Smart has long been a staple of school vocabulary. Through the ages, all schools have wanted their pupils to look smart and to be smart, and it hasn’t always been clear which was the most important. In certain times and places, wearing a scuffed wing collar was as grave an offence as mis-parsing a sentence from Julius Caesar’s De Bello Gallico, and punishable by enthusiastic flogging.
Now the word has been subjected to punishment: it has been acronymised (a word of my own coinage - and let no one use acronymed, please. The stress falls on the second syllable. Americans may spell it with a z.) The trouble with trying to create acronyms out of real words is that it seldom works, and the results sound contrived. Smart, or as it may be, SMART, has given in to the treatment reluctantly and has in consequence suffered more than most. It has been rendered not just a single acronym, but a variable one.
For our purposes the Department for Education and Skills gives it as Specific, Measurable, Achievable, Realistic and Time-related. In this form it is applied to a target. (Target has been earmarked for acronymisation.
Proposals are being drawn up and TARGET is to be phased in by 2007.) SMART is rendered in a number of other ways. There is consensus on the first three words, but the fourth is the subject of schism. Some see “realistic” as being perilously close in meaning to “achievable”, and have opted instead for “reasonable” or “relevant”. All three variants have the advantage of providing the lazy with a get-out. After all, one person’s “reasonable” is another’s “you must be joking”. And don’t get me started on “relevant”.

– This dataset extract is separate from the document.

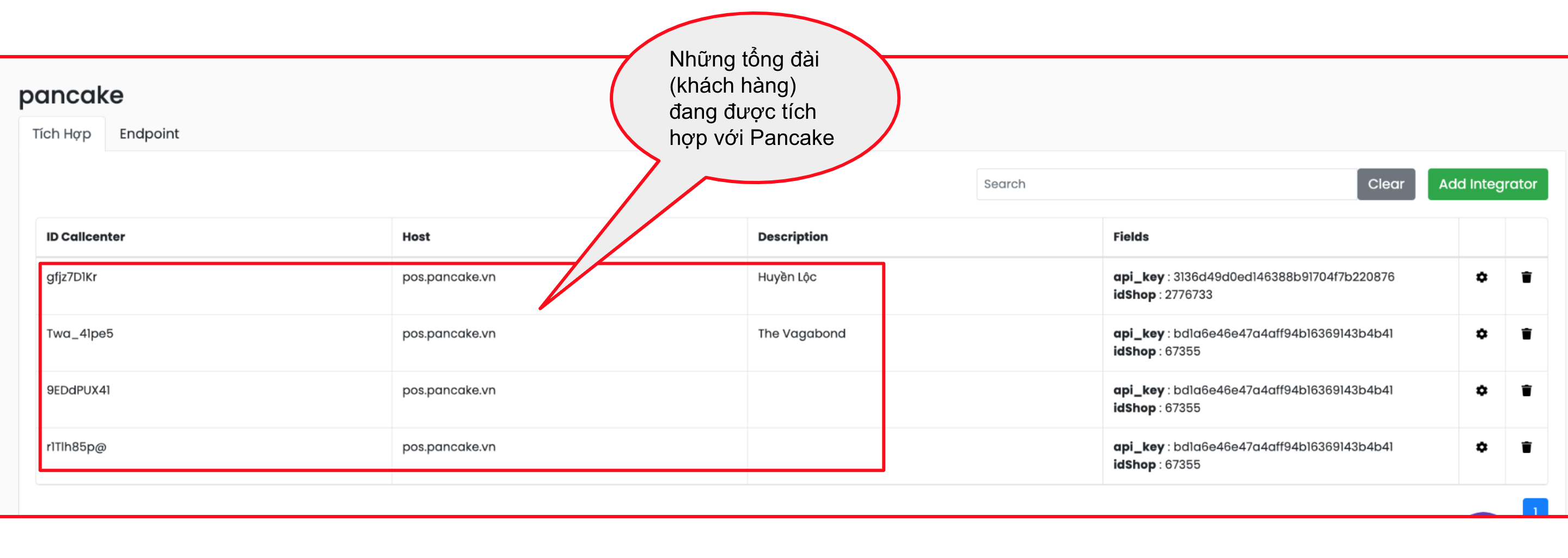 Ví dụ, bấm vào icon mắt ở Pancake và xem ở phía dưới - những tổng đài (khách hàng) nào đang được tích hợp với Pancake.

The final letter is variously given as time-related-based-bound or -sensitive, as well as timely and timed. The small differences here demonstrate the wondrous subtleties of the English language. They also show how ridiculous the exercise is in the first place.
If more proof is needed, imagine the use of SMART in practice. For there is a basic flaw in all such acronyms: in speech, no one can hear you capitalise. Think what might happen if a headteacher told the staff to aim at smart targets. At the very least, the school would plummet down the league tables. Open Day would take on a whole new meaning.
Let’s face it: SMART is the new silly.